Data Exploration

At the beginning of any data reuse or synthesis project, it is important to quickly gain a thorough understanding of the type and scope of data under consideration. Additionally, it is a good practice to scan data for issues before publishing.

While data package metadata, such as the Data Entities section in the full metadata page, provide concise explanations of data attributes, summary and visualization tools can provide a quick and easy interactive view into the actual data values. EDI offers three options for data exploration: Data eXplorer, Data Download Scripts, and datapie.

Data eXplorer (DeX)

The EDI Data Explorer (DeX) is a web browser application offering summary information, subsetting, and plotting features for data packages containing tabular data files. DeX is a great tool for making a preliminary assessment about fitness for use. Click the Data Explorer link next to a data object from the Resources section of a data package landing page.
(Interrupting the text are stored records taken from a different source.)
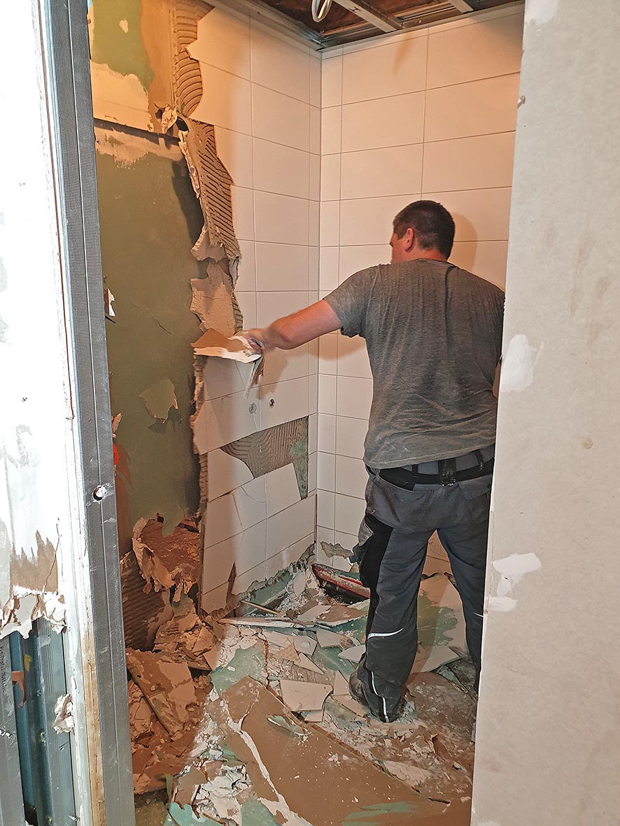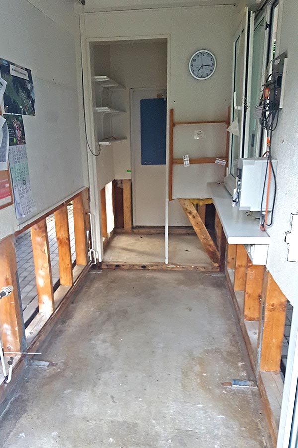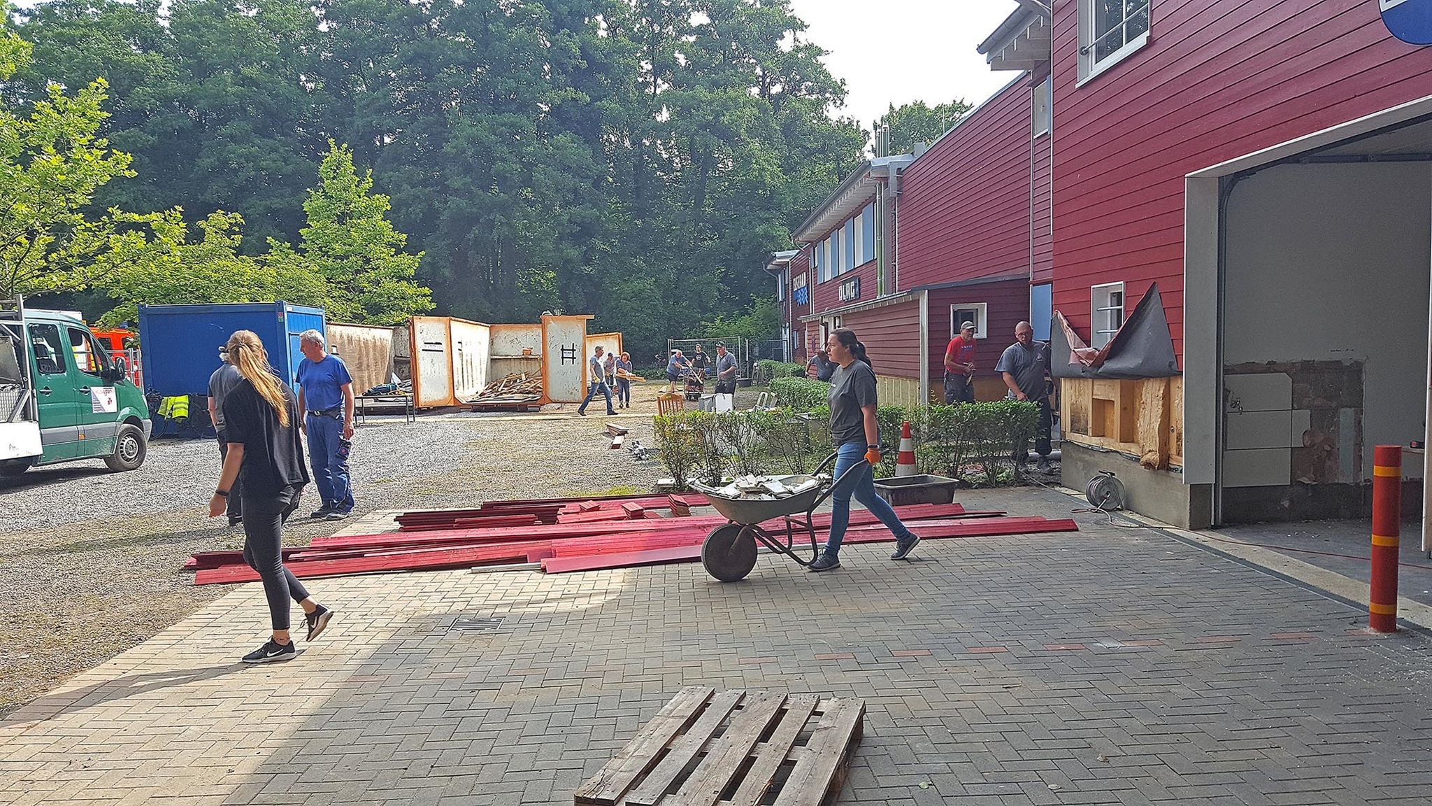 Am Nachmittag haben wir das ganze Gebäude leergeräumt und zudem einen Bürocontainer auf dem Parkplatz eingerichtet; denn morgen muss die Fassade des Gebäudes geöffnet werden, damit die nass gewordenen Wände getrocknet bzw. erneuert werden können.
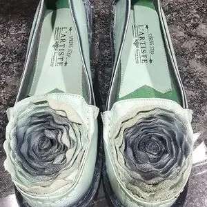 Elegant mint green loafers by L'ATISTE featuring a stunning floral design. Perfect for adding a touch of sophistication to any outfit. Worn once.
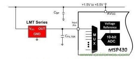 模擬溫度傳感器是一個有源半導體器件,它的輸出是與溫度成比例的電壓值或電流值。作為一個集成電路 (IC),模擬溫度傳感器具有熱敏電阻所不具備的內置智能性,從而使與模擬溫度傳感器有關的設計工作變得簡單。圖3顯示了其中一款TI LMT系列模擬溫度傳感器的典型應用,在這個應用中,只有IC,而未使用外部組件。
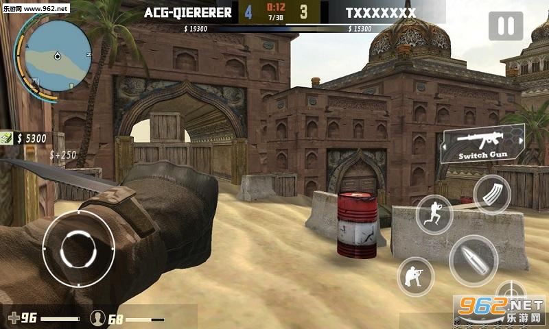 进入游戏后,我们将直接进入战场,大家可以选择四个不同的场景去完成任务,而且四个场景都是直接解锁的,我们可以自由选择。选择好挑战的地图后,我们就可以进入关卡挑战了,每一个地图都有很多关卡,大家可以一一去挑战。进入游戏后,我们将以第一人称视角进行战斗,屏幕左下角有一个虚拟腰杆,用手指滑动可以控制主角走位,右下角则有攻击按钮、换弹夹按钮、下蹲按钮、更换武器按钮、手雷、血包等。用右手手指滑动屏幕中间空白区域可以控制角色瞄准,当瞄准敌人后,直接按住攻击按钮即可开枪射击了,不过要注意一点枪械有一定的后坐力,所以攻击的时候难免会有跑偏的状况发生,这需要大家不断练习来提升自己的射击技巧。当完成关卡挑战任务后,我们可以获得金币奖励,然后大家可以进入下一个关卡继续挑。游戏中不同枪械射击效果也算不同的,例如步枪可以连射,而狙击枪只能一次一次的射击。当然狙击枪的优势在于它可以完成较远距离的精准击杀,这对于一些敌人较远的关卡挑战比较实用。游戏中我们还可以用一些战斗技巧来提升自己的生存能力,例如下图这样,楼顶站着五个敌人,我们如果直接攻击,某一个,就将遭受到五个敌人一起攻击。这个时候我们要找到一个掩体,然后蹲在掩体后面,让另外方向的敌人无法攻击到我们,这样就大大降低了自己被攻击的几率,在消灭完眼前的敌人后,就可以站起来攻击其它敌人了。游戏的难度总体而言并不大,对于新手玩家们来说刚刚合适,可以不断练习自己的射击能力和战斗技巧。就算到了后期,遇到一些比较难的挑战也无需太过担心,系统为我们提供了丰富的武器库,大家直接用金币就可以购买更高级的武器,让战斗变得更轻松。
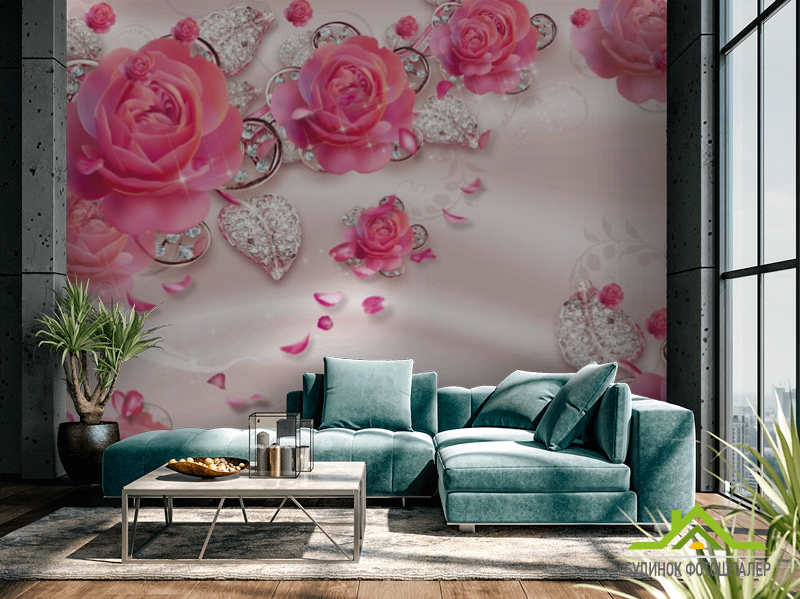 Фотообои 3d розовые цветы Фотообои 3d розовые цветы
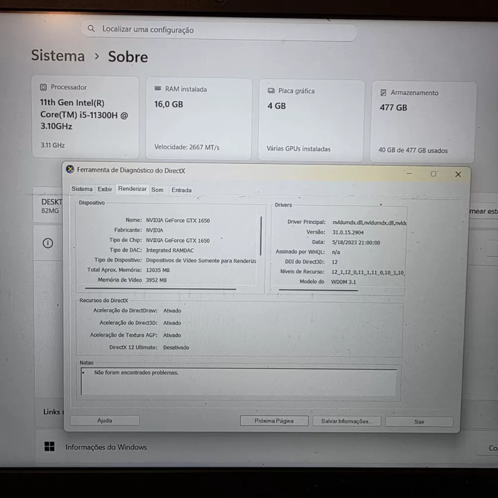 Notebook Lenovo Gaming i5 11th - 16Gb Ram - GTX 1650 - 512Gb SSD

Alternatively, open a table from a data package in DeX by providing the Data Entity URL (currently limited to tabular data).
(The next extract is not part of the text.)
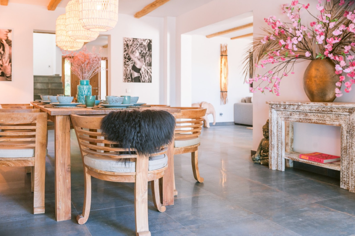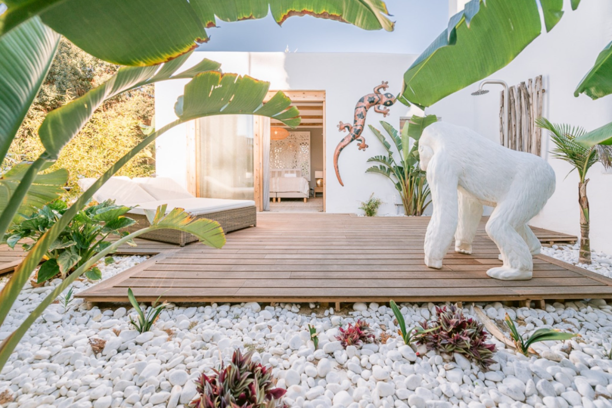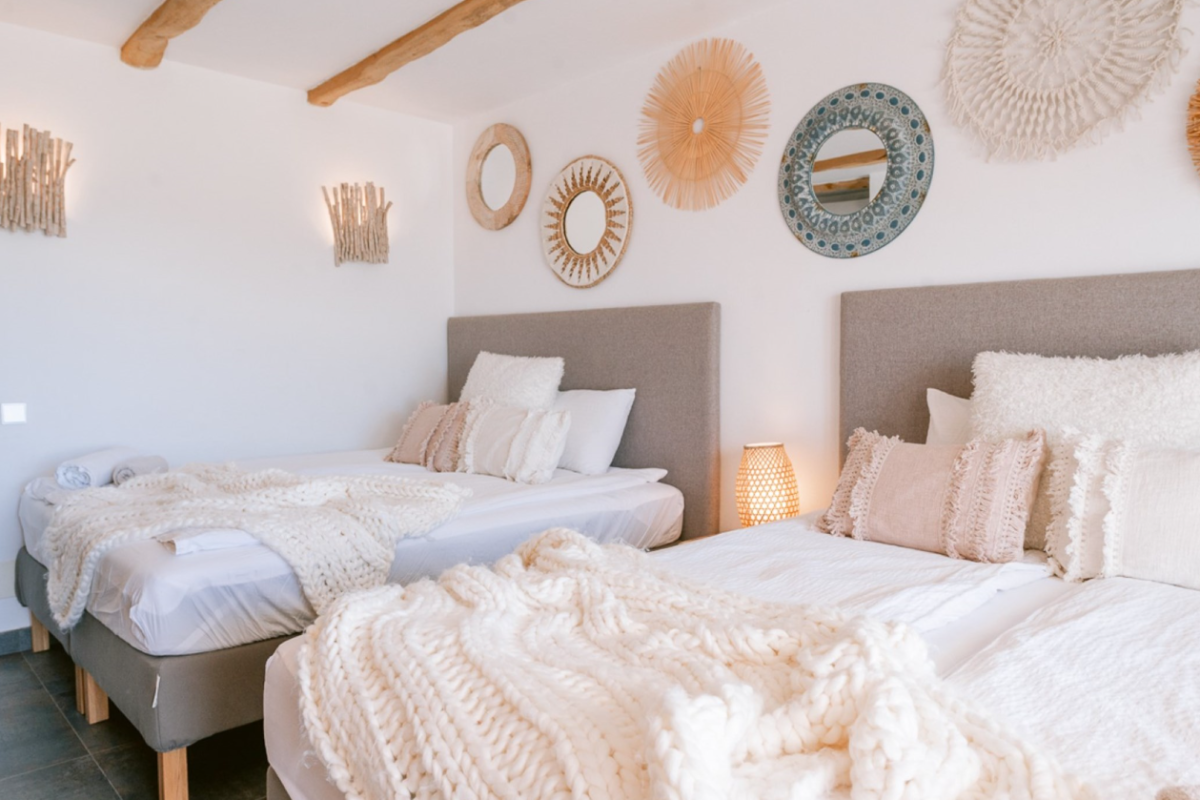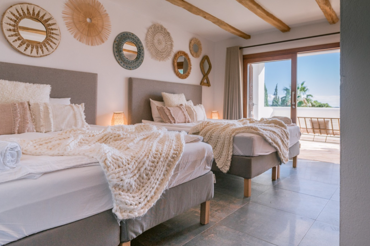 Les chambres situées sur le toit offrent une vue imprenable sur la mer et Formentera. Idéalement située sur la route entre Ibiza (4 km) et la charmante ville de San Jose, la villa se trouve à proximité de plusieurs plages renommées et de la célèbre vie nocturne d'Ibiza, tout en offrant une sérénité et une intimité extraordinaires sur son domaine privé luxuriant.

In order to provide a standard of efficiency while working with limited computing power, DeX currently has a size limit of 50 million cells. Tables with more than 50 million cells will be truncated by row. For example, a table with 10 columns and 5,000,010 rows will only import the first 5,000,000 rows, leaving off the last 10 rows. The DeX profile, as well as any subsets or plots, will be generated from the truncated table and will not necessarily be representative of the original table.

Data download scripts

Data download scripts, available in the Code Generation section of the data package landing page, read data directly from the EDI Repository into common programming language workspaces. This service provides full control over data manipulation and statistical exploration.

datapie

The Data Package Interface for Evaluation (datapie) R Package lets users explore data packages that are available through the DataONE Network via an R Shiny application. This project is under development.